Developments in cryptography, if implemented and used properly, can and do offset many of these risks.
The ability to receive email is one of the greatest joys of computing. Most computer users I know used to get depressed if they had not received any email within the last hour. I suspect the scourge of spam might have changed that feeling.
This modern day's preferred mode of communication is an ideal vehicle for rogue code. However, email "bombs" (pieces of code that can trigger harmful operations when an email is "opened") go back quite far in history. In the olden days (when there were no Word document attachments), a bomb sender could have embedded escape sequences for a terminal in the mail text. Potentially harmful operations could be performed if the recipient viewed the text on a terminal honoring the sequences. For example, if a terminal allowed escape sequences to insert characters in its input buffer, an email could trigger execution of commands on the receiver's machine.
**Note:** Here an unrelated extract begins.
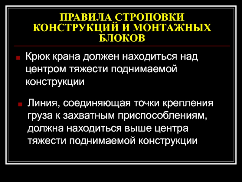 Слайд 11ПРАВИЛА СТРОПОВКИ КОНСТРУКЦИЙ И МОНТАЖНЫХ БЛОКОВ
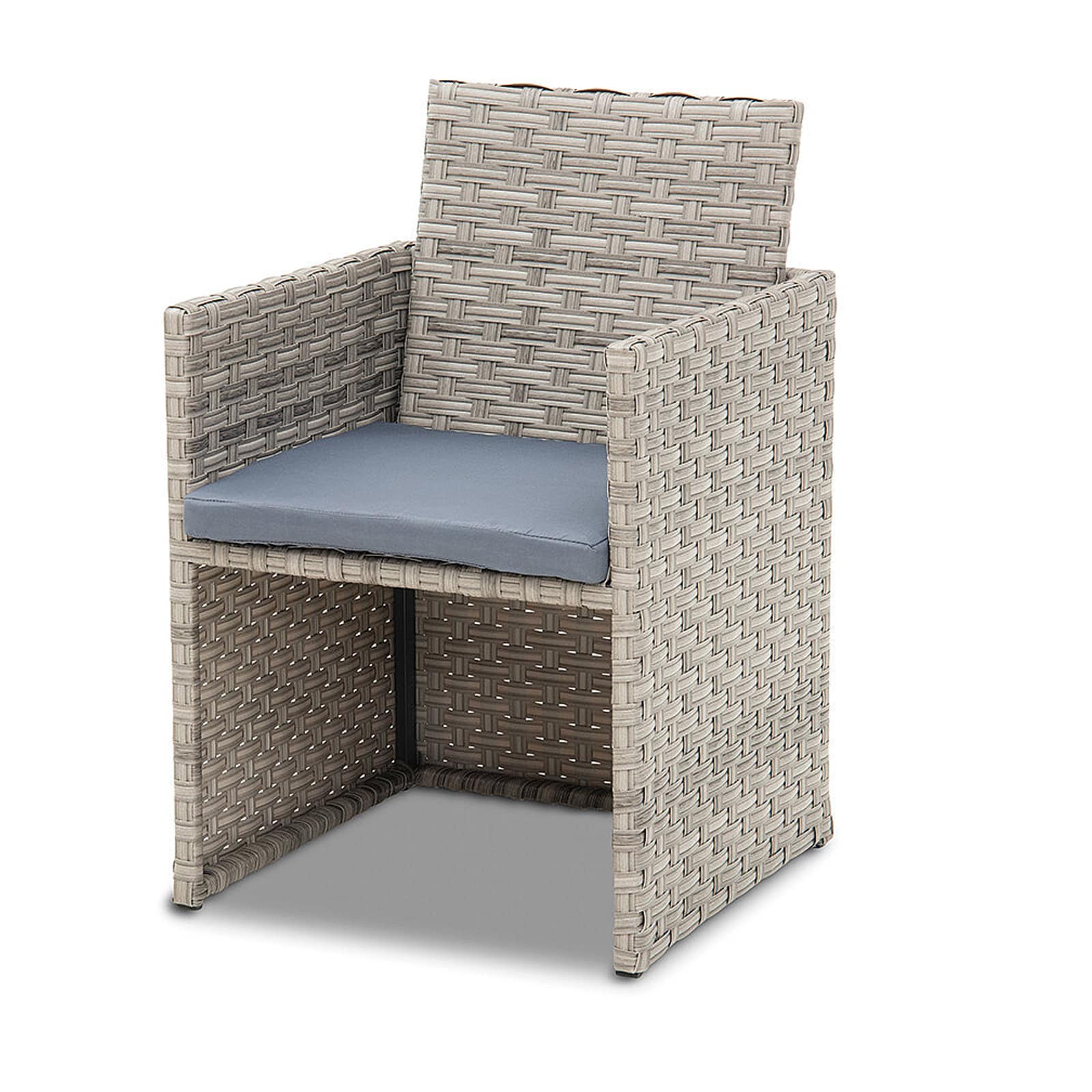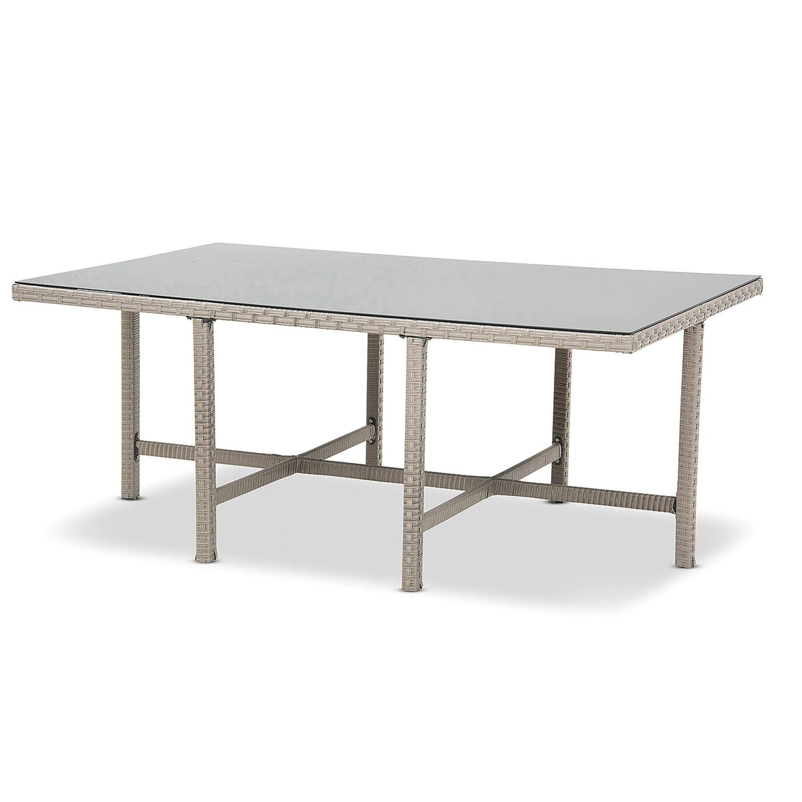 Steel frame, P.E wicker, Glass, Olefin fabric

Today's viewing devices are not free from escape sequences. The popular xterm on various Unix systems, and Terminal.app on Mac OS X, both honor several potentially irritating (if not critically harmful) escape sequences. A partial list of such sequences is given below. These may not "work" (negatively) on all xterm implementations. You could "try" these by creating a file, say, using vi, typing the sequence, saving the file, and then cat'ing it. Note that the ^[ is the escape character, entered in vi by typing ctrl-v.
^[(0 |
garbles xterms that use the US ASCII character set |
^[(B |
restores US ASCII character set |
^[[?5h |
sets reverse video |
^[[?9h |
sets sending of MIT mouse row/column on button press: will mess up text selection |
^[]P10;colorspec^G |
sets foreground color to that specified by colorspec |
^[]P11;colorspec^G |
sets background color to that specified by colorspec |
^[P0;0 |
locks keyboard |
Greener pastures for mail bombing appeared as mail programs provided versatile execution environments in their attempts to be feature-rich, convenient, and user-friendly. It is a tough wire to walk. While such features are meant to improve work-flow and are desirable, as programs become complex, policies must be devised to specify resources that embedded programs are allowed to access. Users are not very patient in general, and often they would simply run whatever wants to run!
It is usually rather difficult to combine security and ease-of-use.